**TASK ITEM:** Exactly the lines from the line containing "Imprints of Pavel" through the final line of the entries below must be returned, and only those, without pictures.

**Stored records:**
*** Block opens ***
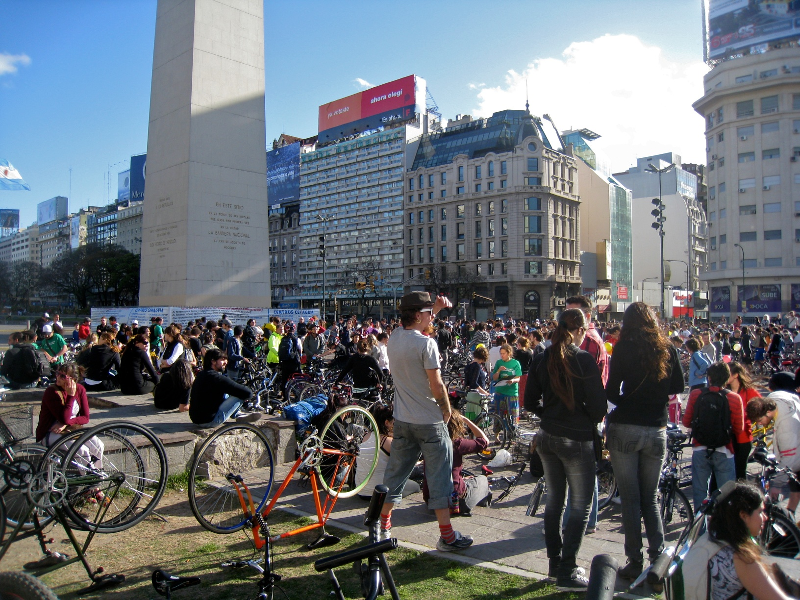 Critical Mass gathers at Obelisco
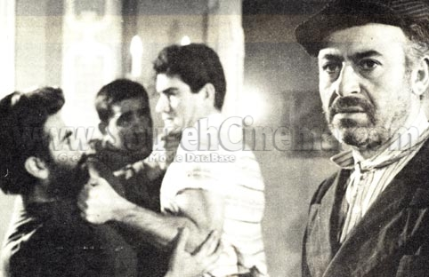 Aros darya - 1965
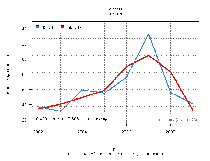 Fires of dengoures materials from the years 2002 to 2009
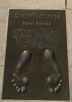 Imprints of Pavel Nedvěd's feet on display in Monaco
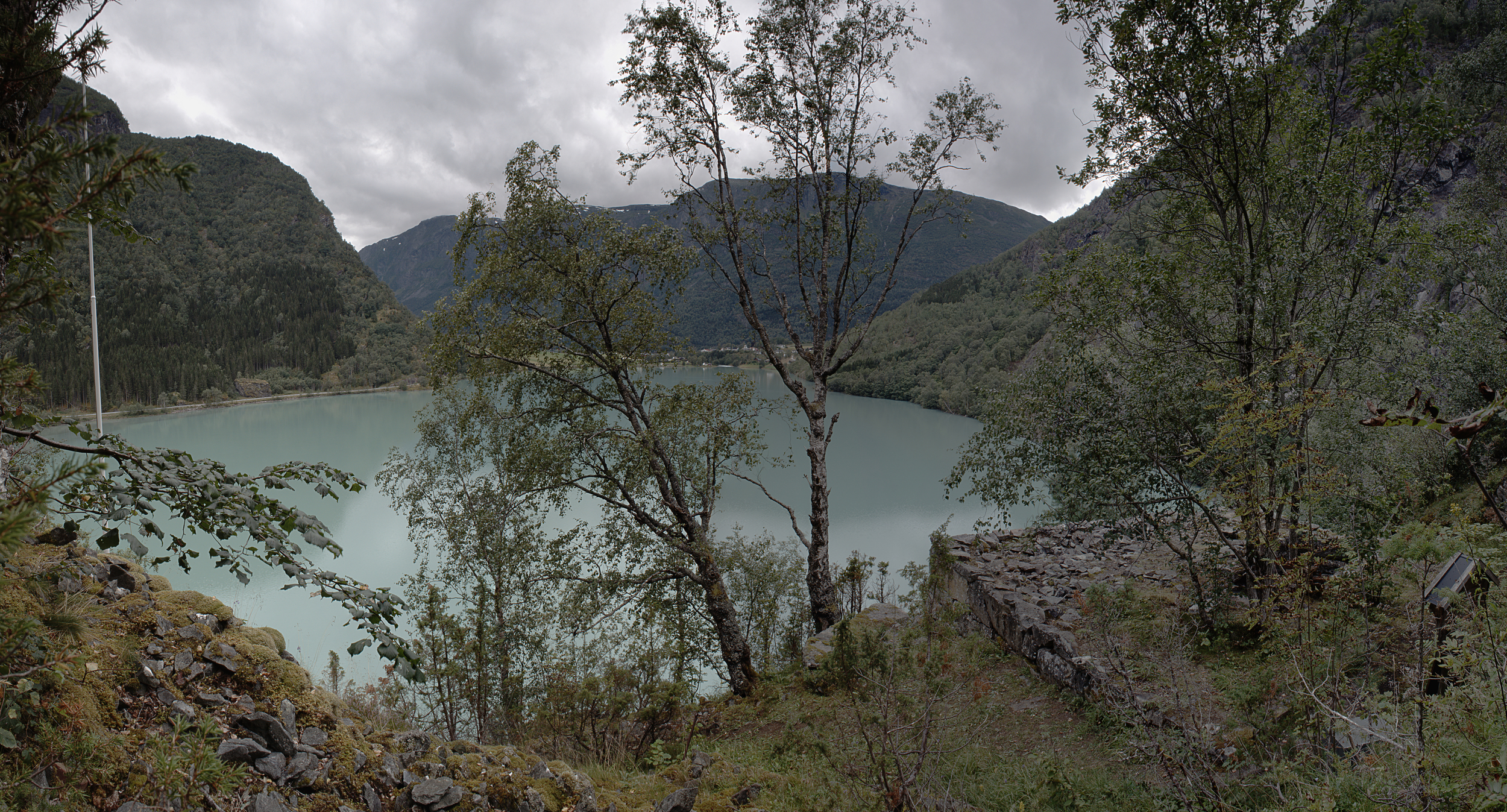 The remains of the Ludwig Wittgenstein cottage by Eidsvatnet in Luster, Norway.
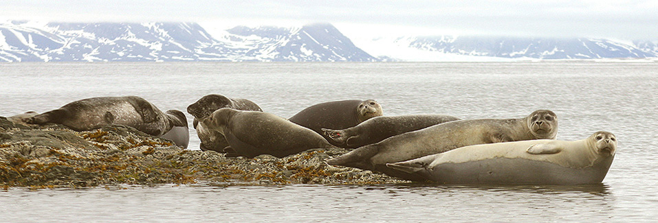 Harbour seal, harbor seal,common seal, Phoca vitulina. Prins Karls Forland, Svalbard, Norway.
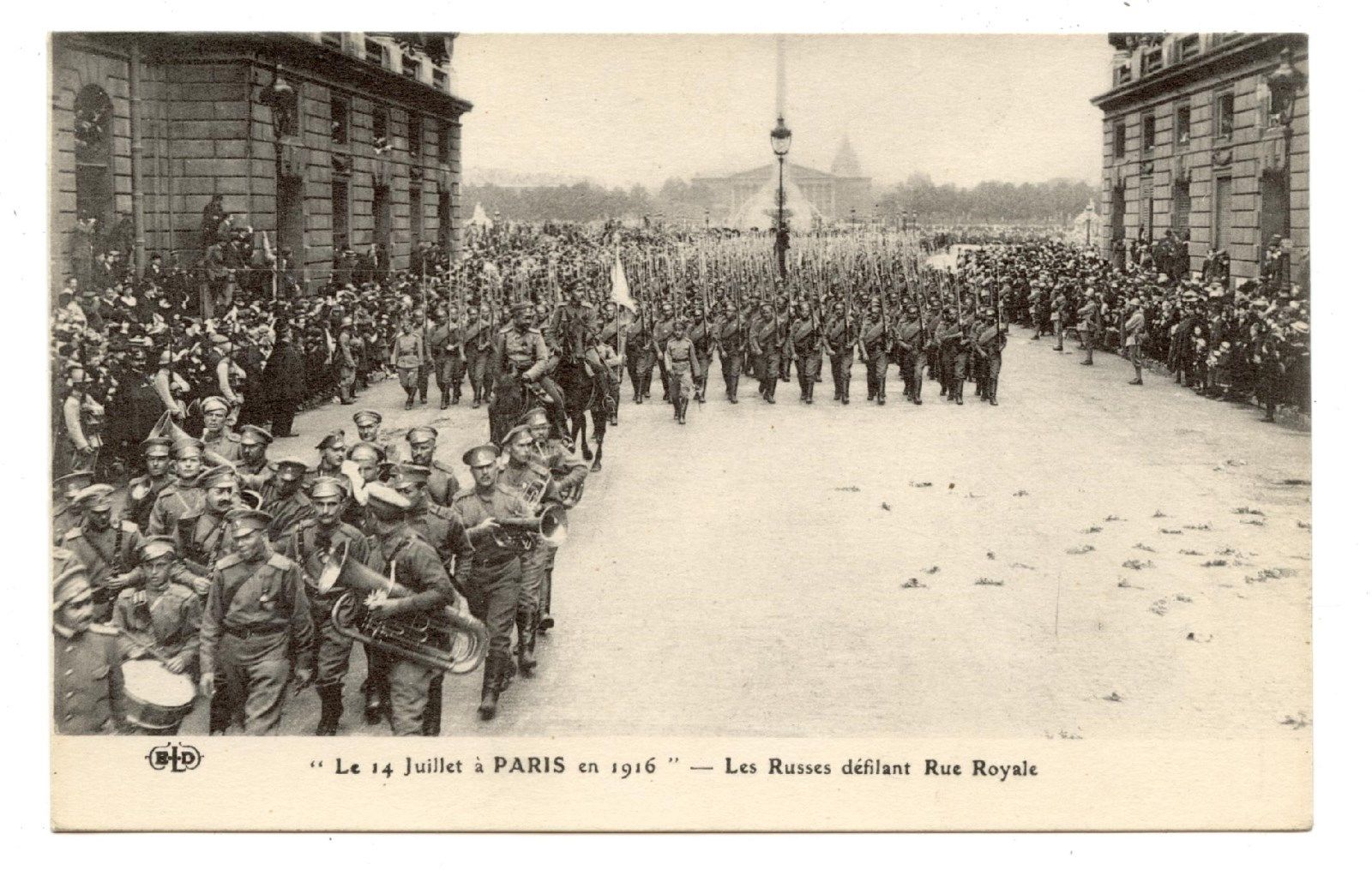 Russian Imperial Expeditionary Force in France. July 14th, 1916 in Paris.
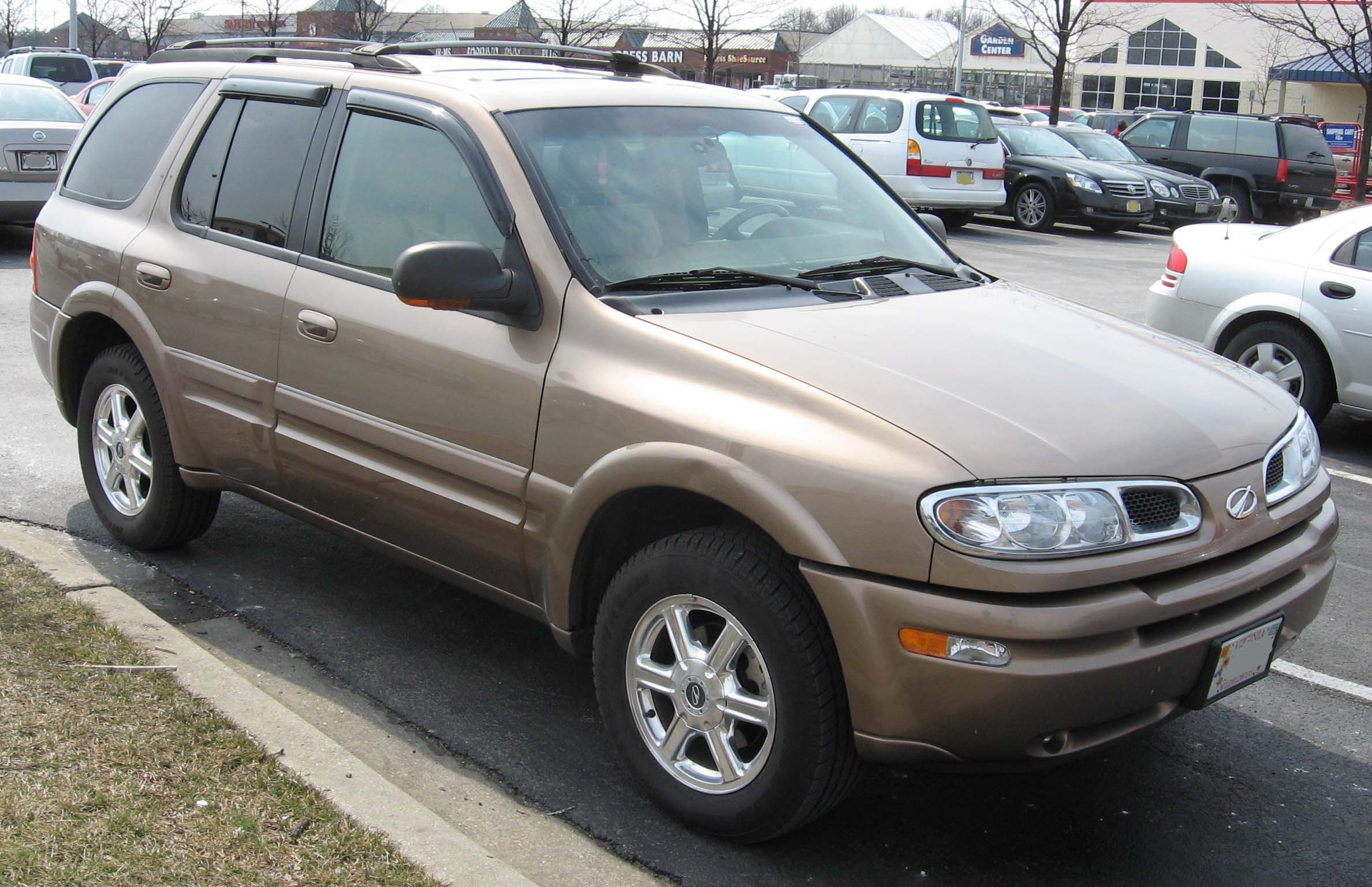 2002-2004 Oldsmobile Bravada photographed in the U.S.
*** Block closes ***
**EXPECTED OUTPUT:**
 Imprints of Pavel Nedvěd's feet on display in Monaco
 The remains of the Ludwig Wittgenstein cottage by Eidsvatnet in Luster, Norway.
 Harbour seal, harbor seal,common seal, Phoca vitulina. Prins Karls Forland, Svalbard, Norway.
 Russian Imperial Expeditionary Force in France. July 14th, 1916 in Paris.
 2002-2004 Oldsmobile Bravada photographed in the U.S.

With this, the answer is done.